- [What this task involves] Write out the records below from the first line through the line containing "Pride of the", leaving out any pictures.
Segment Start: Task material
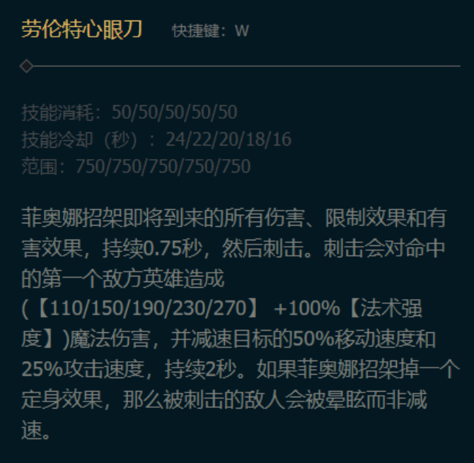 W技能,防御,可以招架所有伤害,招架完会刺击前方,被刺击命中的敌人会减移速和攻速,如果招架了控制技能,那刺击会带眩晕效果。
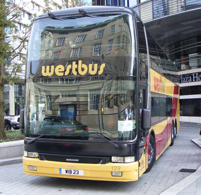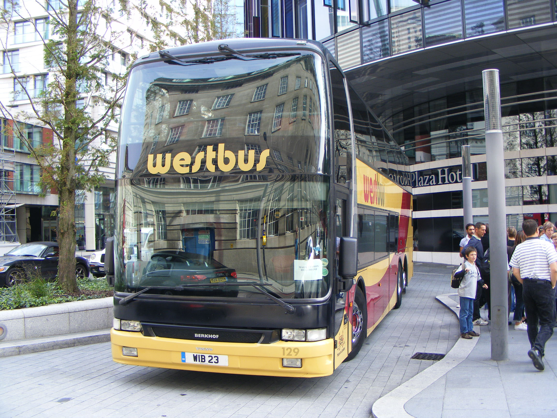 Pride of the fleet in 2011 was this doubledeck Berkhof bodied VDL, 129 (WIB23), seen in mid September picking up a party from a hotel on the south bank of the Thames near Waterloo. A sharp contrast to the Olympian or Spectra.
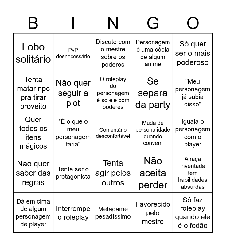This bingo card has 25 words: Tenta ser o protagonista, Metagame pesadíssimo, O roleplay do personagem é só ele com poderes, Dá em cima de algum personagem de player, Só quer ser o mais poderoso, Lobo solitário, Tenta matar npc pra tirar proveito, PvP desnecessário, Muda de personalidade quando convém, Tenta agir pelos outros, Se separa da party, Quer todos os itens mágicos, Não aceita perder, A raça inventada tem habilidades absurdas, Não quer seguir a plot, Só faz roleplay quando ele é o fodão, Iguala o personagem com o player, Discute com o mestre sobre os poderes, "Meu personagem já sabia disso", "É o que o meu personagem faria", Comentário desconfortável, Interrompe o roleplay, Não quer saber das regras, Personagem é uma cópia de algum anime and Favorecido pelo mestre.
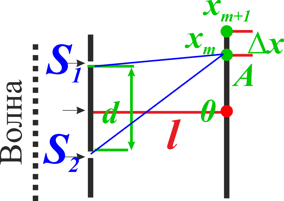 Расстояние между когерентными источниками света d=0.5 мм, расстояние от источников до экрана l=5 м. В зелёном свете получились интерференционные полосы на расстоянии Δx=5 мм друг от друга. Найдите длину волны зелёного цвета. // Ремизов А.Н., Максина А.Г. "Сборник задач...", 2001 г. https://bookmix.ru/bookprice.phtml?id=84492 Рисунок 1. Расстояние между полосами рассчитывается как разница координат центров полос - x_m и x_(m+1). Вывод рабочей формулы можно посмотреть в Задаче 5.12.
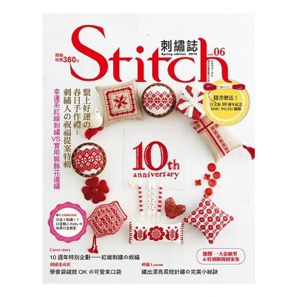 日本知名超人氣刺繡雜誌【ステッチidees】 日本Vogue社首度獨家授權台灣繁體中文版第六輯 ★隨書贈送刺繡誌日文版10週年紀念DMC NO.321繡線★ 在充滿節慶氣息的繽紛冬日, 準備好迎接春天的禮物了嗎? 刺繡誌中文版第六輯 為您嚴選70件繫上好運的刺繡手作, 獨一無二的手製祝福, 絕對是創意送禮的首選NO.1! 搭配刺繡誌日文版10週年紀念, 本期特別贈送 DMC法國米路斯工廠第一次染製的NO.321號紅色繡線, 喜愛刺繡的您,一定要擁有! *特集1:回憶刺繡 收錄七位人氣刺繡作家的經典作品,與您分享最動人的刺繡故事。 *特集2:特殊節慶刺繡 一年四季,過節小禮物可不能少!自己動手作最有誠意! *特集3:連續圖案刺繡 以實用的裝飾花邊繡為手作小物添加浪漫新風采吧! *話題連載!青木和子の小小刺繡之旅 Vol.4河田ヒロ小姐 *刺繡小祕密 繡出漂亮長短針繡の完美小祕訣 *刺繡速成班 學會袋縫就OKの可愛束口袋! *黑線刺繡 享受愉快の單色繡樂趣 ●刺繡作家的手作日常:川畑杏奈、薗部裕子 玄關、臥室、客廳、廚房、兒童房....都是刺繡的溫暖好所在。 ●日本最新刺繡手作情報:懷舊&可愛の刺繡再發現! 刺繡檔案「溫柔の刺繡」 ●實用可愛原創附錄圖案:超值收錄「特別附錄圖案集+圖案紙型」 滿足刺繡人的手作心! ●繁體中文版獨家收錄「口金包+刺繡=?」 台灣超人氣作家「口金職人Kellyの私房教室」好評連載中! ●拜訪巴黎十字繡設計家──Perrette Samouïloff小姐 Stitch刺繡誌繁體中文版,顛覆以往刺繡只能成為藝術品的刻板印象,收錄了70件以上由人氣刺繡作家製作設計,以刺繡裝飾的居家物品、布作、室內陳設、衣物改造、收納小物等,給你更多實用刺繡作品的手作好點子! 收錄詳細彩色繡法示範及作法解說,並貼心附上基礎繡法圖示,讓想從頭學起的新手們,也能照著書中作法一起動手製作,隨書特別附錄兩大張原寸紙型,對於已有刺繡程度的進階者,也能應用於作品設計或啟發更多圖案的靈感! 只要準備「布、針、線」三大元素,刺繡就能隨身帶著作! 打造簡單的刺繡新生活,就是這麼與眾不同!
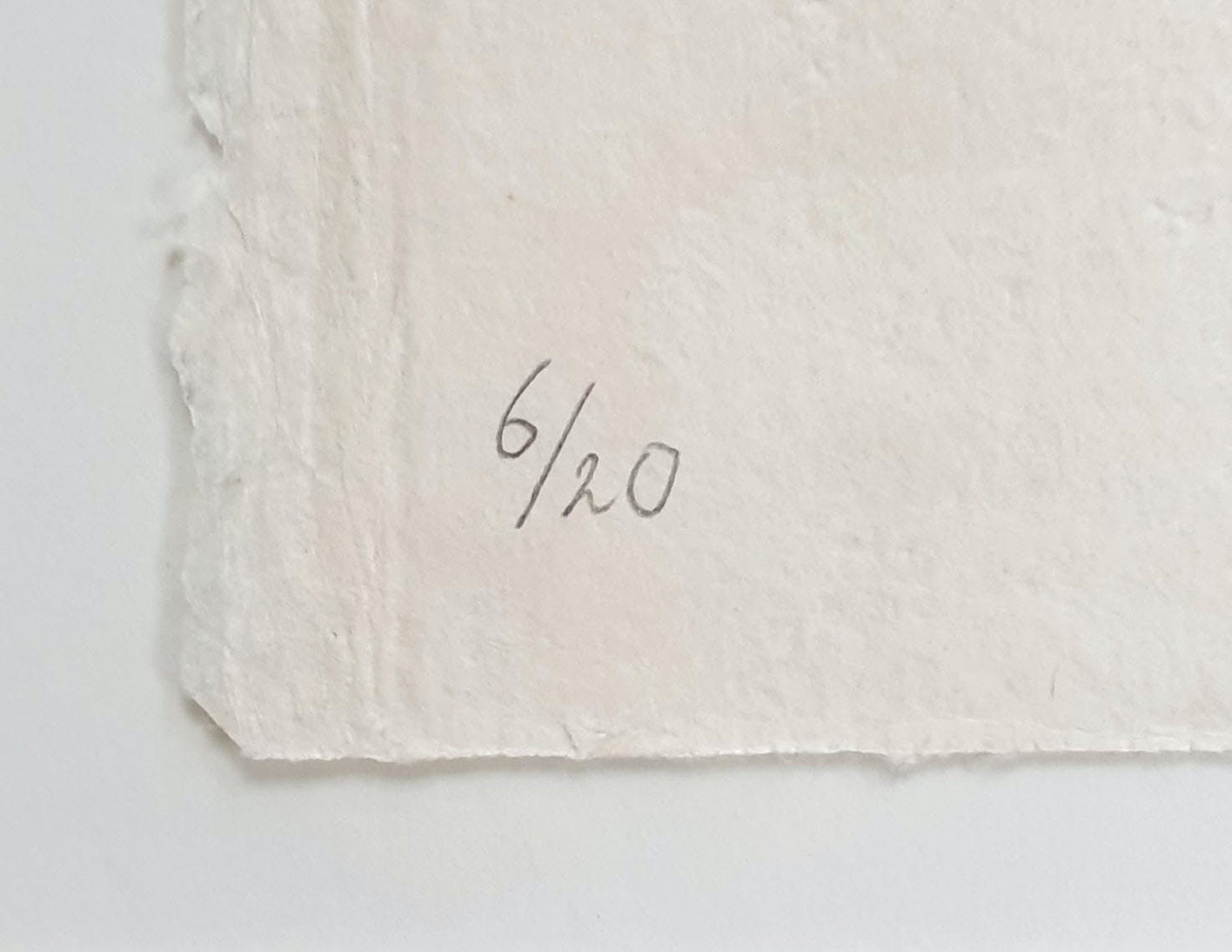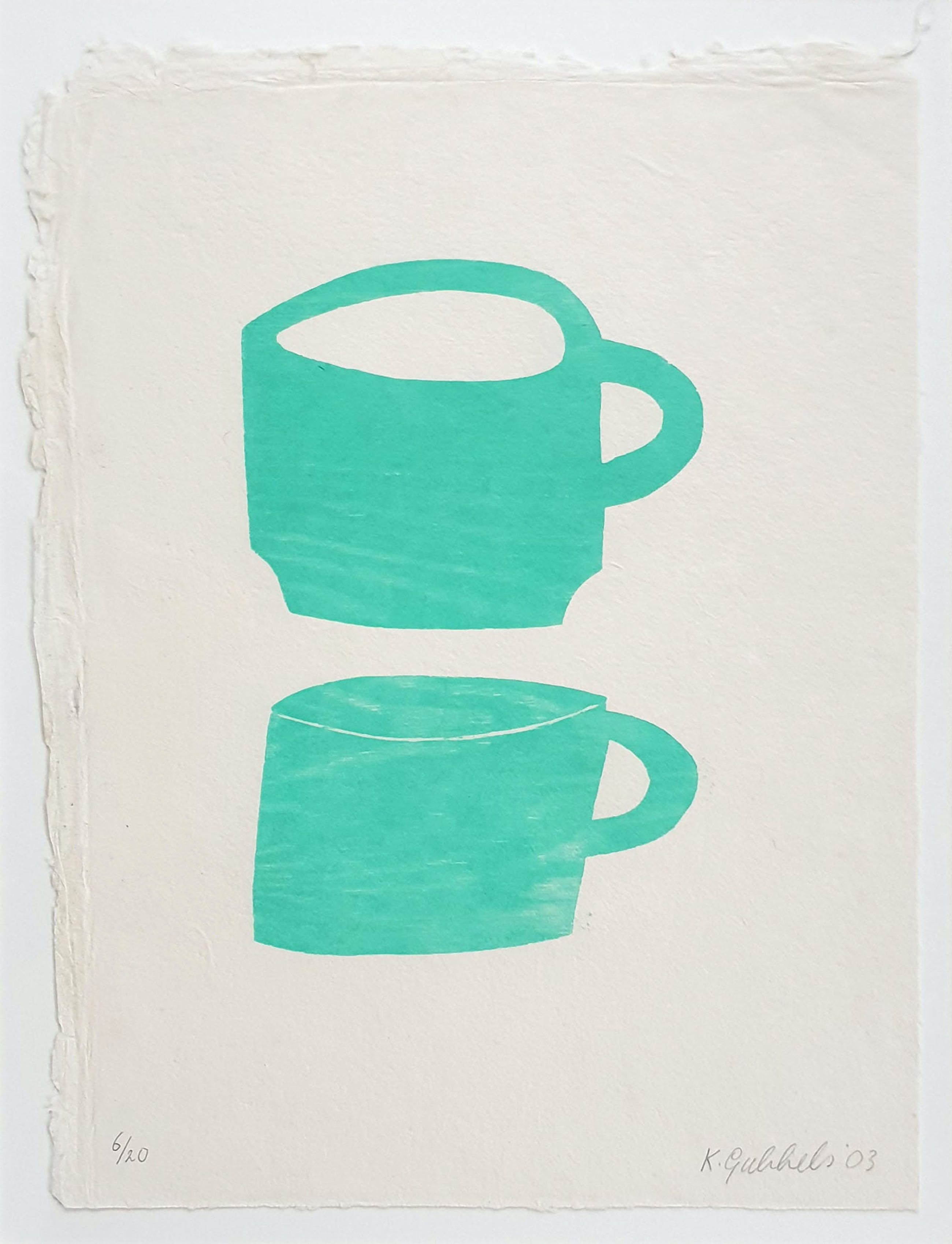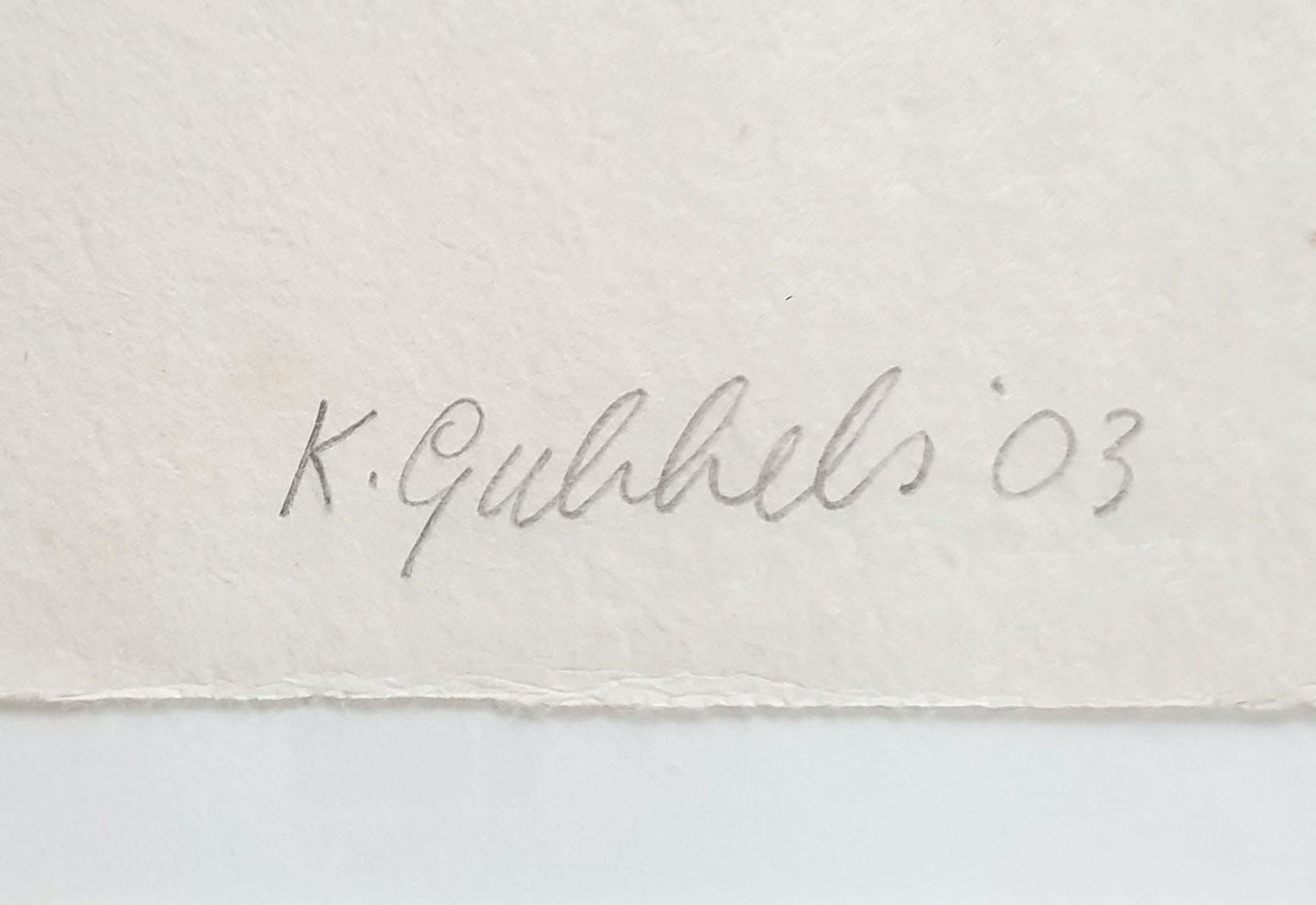 Zeer fraaie sjabloondruk op handgeschept papier van Klaas Gubbels uit 2003. Het werk is rechtsonder met de hand gesigneerd door de kunstenaar.
Segment End: Task material
- [Solution to this problem]
 W技能,防御,可以招架所有伤害,招架完会刺击前方,被刺击命中的敌人会减移速和攻速,如果招架了控制技能,那刺击会带眩晕效果。
 Pride of the fleet in 2011 was this doubledeck Berkhof bodied VDL, 129 (WIB23), seen in mid September picking up a party from a hotel on the south bank of the Thames near Waterloo. A sharp contrast to the Olympian or Spectra.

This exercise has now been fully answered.